> RECORDS PROVIDED
<<<<

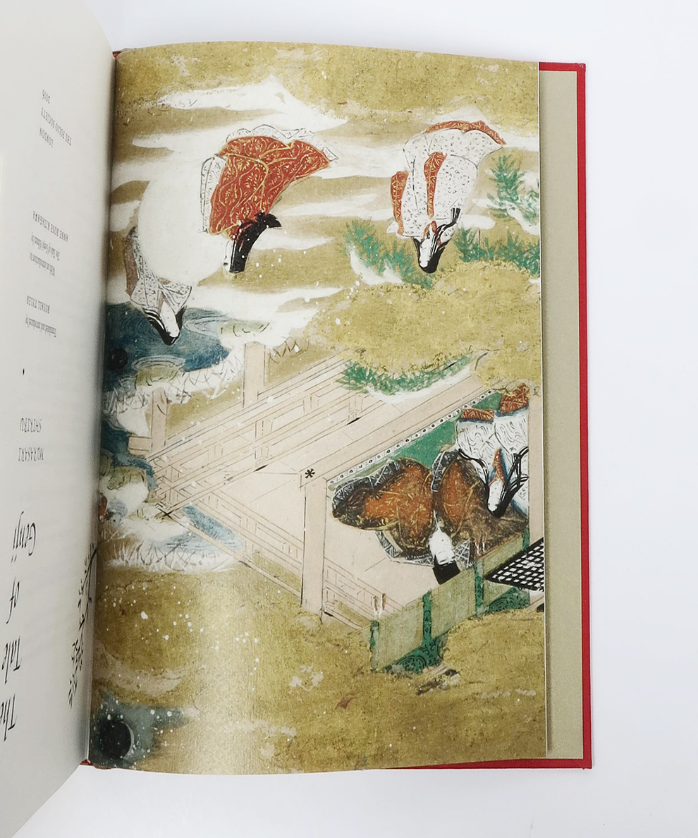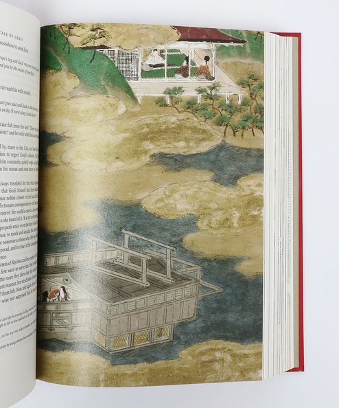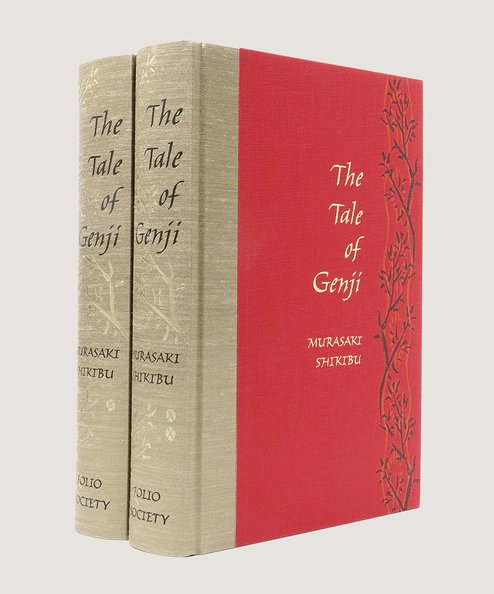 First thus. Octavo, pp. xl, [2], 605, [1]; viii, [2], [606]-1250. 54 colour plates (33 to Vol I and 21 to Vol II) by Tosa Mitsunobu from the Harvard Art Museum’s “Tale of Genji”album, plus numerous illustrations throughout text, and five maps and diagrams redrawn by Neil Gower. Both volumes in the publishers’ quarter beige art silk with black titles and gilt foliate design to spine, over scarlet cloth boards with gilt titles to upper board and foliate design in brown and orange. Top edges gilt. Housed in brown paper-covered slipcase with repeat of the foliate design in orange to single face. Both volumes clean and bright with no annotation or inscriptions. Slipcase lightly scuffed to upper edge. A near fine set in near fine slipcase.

>>>>
<<<<

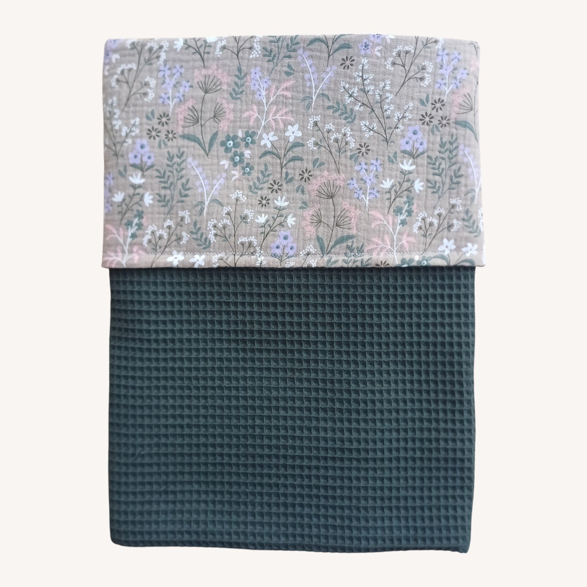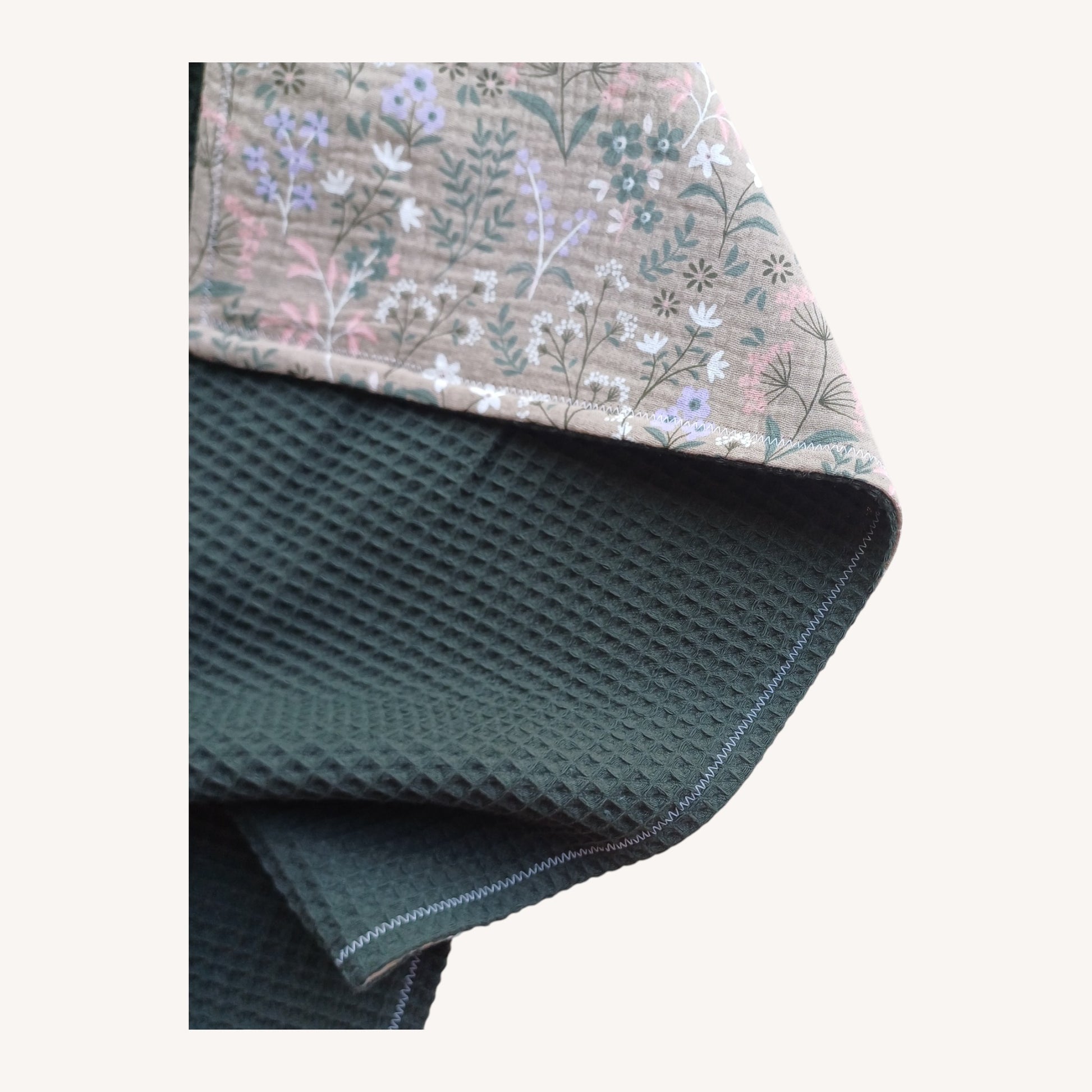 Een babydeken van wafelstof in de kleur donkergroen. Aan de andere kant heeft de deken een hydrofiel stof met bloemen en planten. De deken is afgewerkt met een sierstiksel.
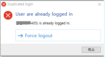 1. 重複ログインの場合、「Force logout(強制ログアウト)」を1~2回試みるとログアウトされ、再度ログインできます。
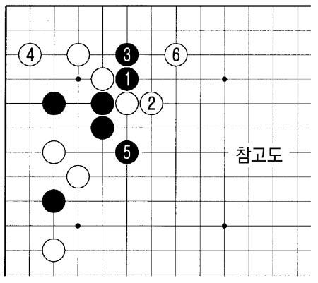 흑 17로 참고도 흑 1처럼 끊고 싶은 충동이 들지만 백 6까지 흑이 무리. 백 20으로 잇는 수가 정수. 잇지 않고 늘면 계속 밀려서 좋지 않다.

>>>>
<<<<

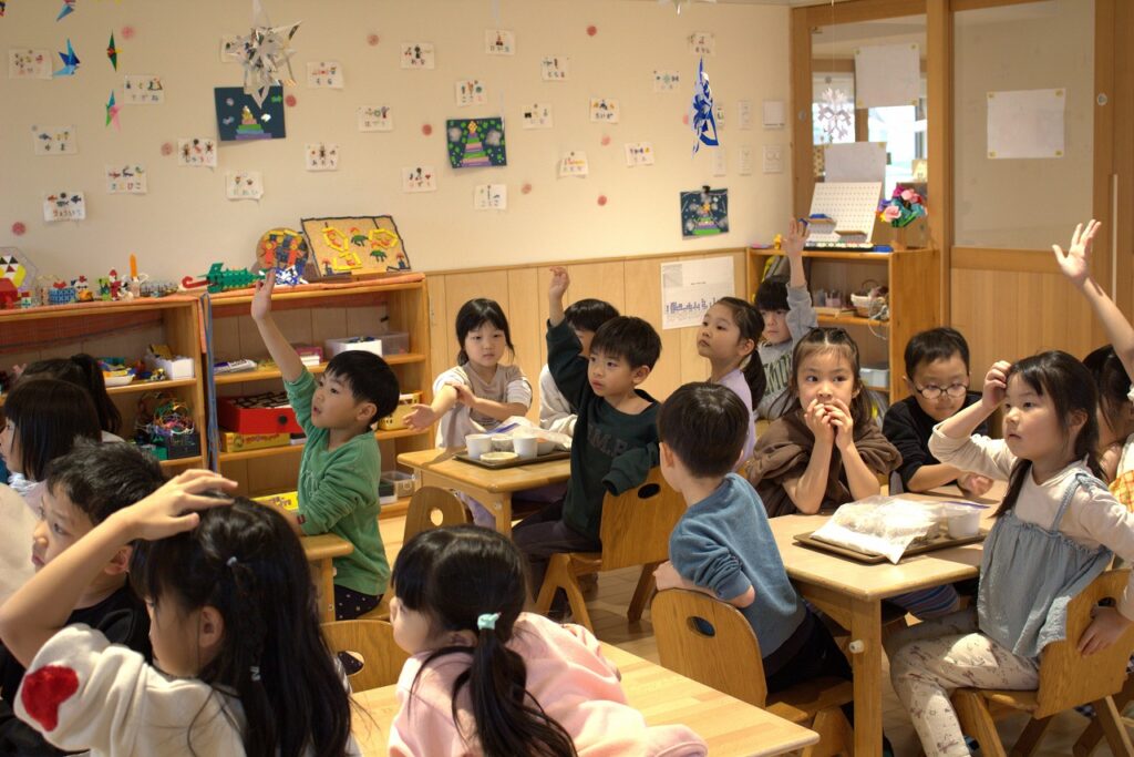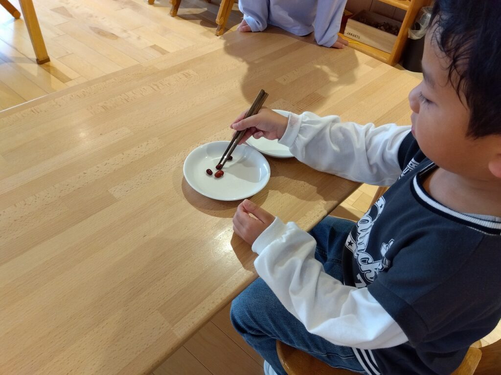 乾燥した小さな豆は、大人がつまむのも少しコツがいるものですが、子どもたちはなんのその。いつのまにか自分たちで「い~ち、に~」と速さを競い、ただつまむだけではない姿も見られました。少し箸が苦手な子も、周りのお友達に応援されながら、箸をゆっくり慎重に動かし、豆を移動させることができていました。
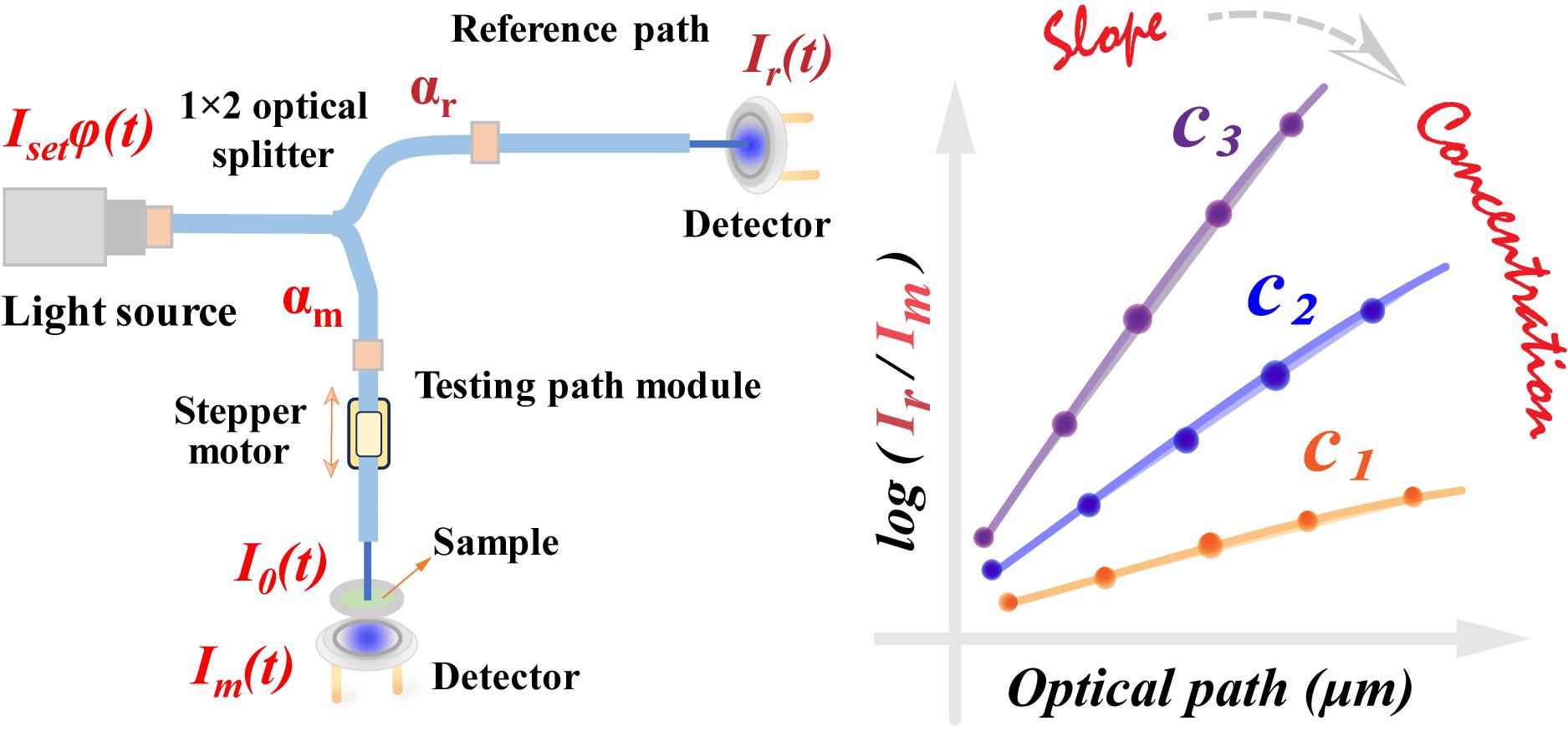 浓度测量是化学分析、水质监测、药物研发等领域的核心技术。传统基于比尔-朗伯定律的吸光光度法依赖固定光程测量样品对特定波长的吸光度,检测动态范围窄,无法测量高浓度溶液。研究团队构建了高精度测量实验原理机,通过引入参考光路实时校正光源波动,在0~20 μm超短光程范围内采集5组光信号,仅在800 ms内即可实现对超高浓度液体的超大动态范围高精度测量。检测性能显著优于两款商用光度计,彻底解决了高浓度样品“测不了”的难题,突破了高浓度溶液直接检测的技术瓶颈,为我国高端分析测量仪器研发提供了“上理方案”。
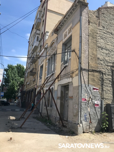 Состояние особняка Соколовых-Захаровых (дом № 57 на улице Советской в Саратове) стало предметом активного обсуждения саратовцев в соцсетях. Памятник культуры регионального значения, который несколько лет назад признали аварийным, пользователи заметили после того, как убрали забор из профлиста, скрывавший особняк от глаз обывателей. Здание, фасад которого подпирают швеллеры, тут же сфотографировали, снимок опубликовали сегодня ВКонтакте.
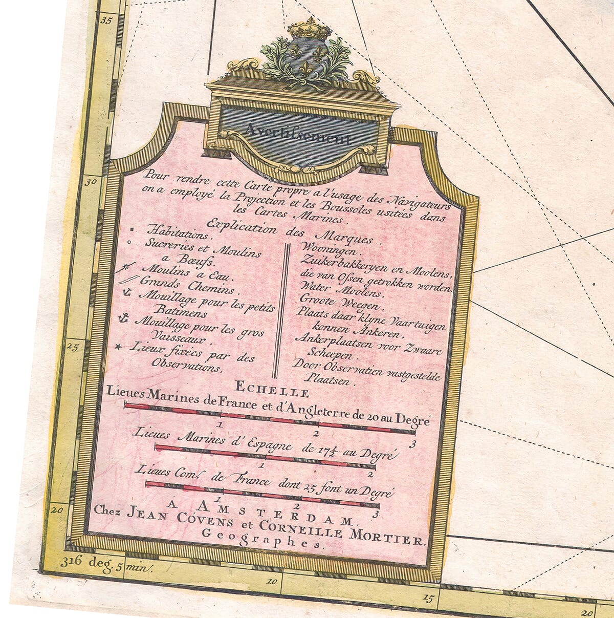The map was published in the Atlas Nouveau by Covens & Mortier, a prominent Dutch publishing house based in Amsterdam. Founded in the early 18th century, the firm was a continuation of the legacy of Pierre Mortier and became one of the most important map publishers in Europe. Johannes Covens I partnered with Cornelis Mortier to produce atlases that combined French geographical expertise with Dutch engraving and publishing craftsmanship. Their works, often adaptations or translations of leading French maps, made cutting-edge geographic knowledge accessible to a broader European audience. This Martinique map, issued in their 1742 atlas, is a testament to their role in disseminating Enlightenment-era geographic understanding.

>>>>

Please repeat the lines of the material above exactly, starting with the line that contains "Состояние особняка Соколовых-Захаровых" and ending with the line that contains "The map was". Leave the pictures out.

 Состояние особняка Соколовых-Захаровых (дом № 57 на улице Советской в Саратове) стало предметом активного обсуждения саратовцев в соцсетях. Памятник культуры регионального значения, который несколько лет назад признали аварийным, пользователи заметили после того, как убрали забор из профлиста, скрывавший особняк от глаз обывателей. Здание, фасад которого подпирают швеллеры, тут же сфотографировали, снимок опубликовали сегодня ВКонтакте.
The map was published in the Atlas Nouveau by Covens & Mortier, a prominent Dutch publishing house based in Amsterdam. Founded in the early 18th century, the firm was a continuation of the legacy of Pierre Mortier and became one of the most important map publishers in Europe. Johannes Covens I partnered with Cornelis Mortier to produce atlases that combined French geographical expertise with Dutch engraving and publishing craftsmanship. Their works, often adaptations or translations of leading French maps, made cutting-edge geographic knowledge accessible to a broader European audience. This Martinique map, issued in their 1742 atlas, is a testament to their role in disseminating Enlightenment-era geographic understanding.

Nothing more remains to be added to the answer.